What are Control Change Messages in MIDI
A MIDI control message can enhance your musical output by controlling your instruments through various control elements such as knobs, sliders, wheels, pedals, and the like. Control messages have the form:
| Status | Data Byte1 | Data Byte2 |
| 0xBX | Controller Number | Controller Value |
Where:
Status – Indicates the Controller Change type and Channel destination. B signifies a message of Controller Change type while X is the MIDI Channel number.
Controller Number – is a number ranging from 0 – 127 indicating the Controller type. Common Controller types include:
1 – Modulation Wheel
2 – Breath Controller
4 – Foot Controller
7 – Channel Volume
64 – Sustain Pedal On/Off
67 – Soft Pedal On/Off
Controller Value – Controller values usually range from 0 – 127 and this indicates the current position of your knobs, wheels, sliders, etc. Note that there are controllers which are “switch types”. They get an OFF value if the Controller value falls in the range of 0-63 while they get an ON value if the range is 64 – 127. There are also control values that require more granularity so they need multiple data bytes to function.

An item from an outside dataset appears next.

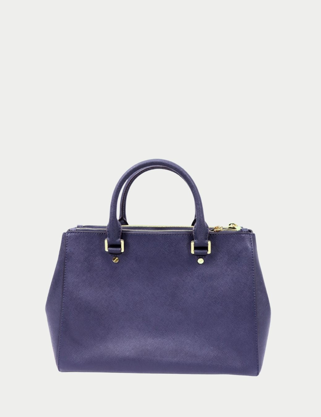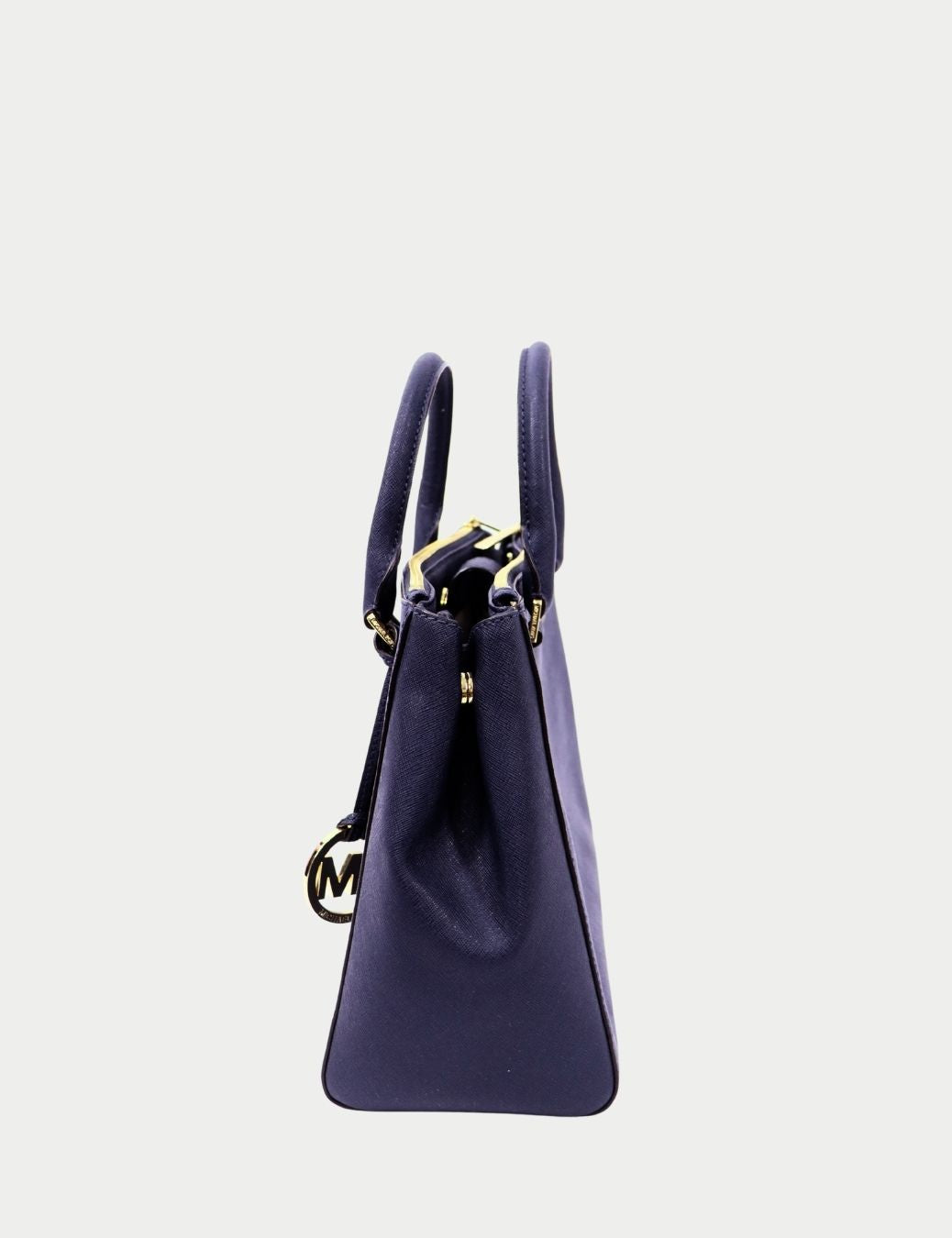 Timeless and sophisticated, this Michael Kors structured satchel is crafted from durable saffiano leather in a rich navy tone. Designed with dual top handles, a spacious interior, and finished with polished gold-tone hardware and signature logo detailing, this bag offers both practicality and refined style.

How to Use Controller Change Messages in your 32u4 BlueFruit LE Feather
It’s almost like doing simple Note On and Off messages based on the previous blog. However, there are more varied functions with each type of controller you use and you may have to experiment with this according to your synthesizer. For example, you’ll find wind instruments use the breath controller efficiently. The sustain pedal can be very useful for pianos or keyboards. The sample code in the next part demonstrates 2 potentiometers used as controller change elements.
Example Code
#include <Arduino.h>
#include <SPI.h>
#include "Adafruit_BLE.h"
#include "Adafruit_BluefruitLE_SPI.h"
#include "Adafruit_BluefruitLE_UART.h"
#include "Adafruit_BLEMIDI.h"
#if SOFTWARE_SERIAL_AVAILABLE
#include <SoftwareSerial.h>
#endif
#include "BluefruitConfig.h"
#define FACTORYRESET_ENABLE 1
#define MINIMUM_FIRMWARE_VERSION "0.7.0"
// define buttons
#define button1 A3
#define button2 A4
#define control_change1 A0
#define control_change2 A1
// define control change functions
#define modulation_wheel 1
#define channel_volume 7
#define pan_controller 10
#define reverb 91
// This app was tested on iOS with the following apps:
//
// https://itunes.apple.com/us/app/midimittr/id925495245?mt=8
// https://itunes.apple.com/us/app/igrand-piano-free-for-ipad/id562914032?mt=8
//
// To test:
// - Run this sketch and open the Serial Monitor
// - Open the iGrand Piano Free app
// - Open the midimittr app on your phone and under Clients select "Adafruit Bluefruit LE"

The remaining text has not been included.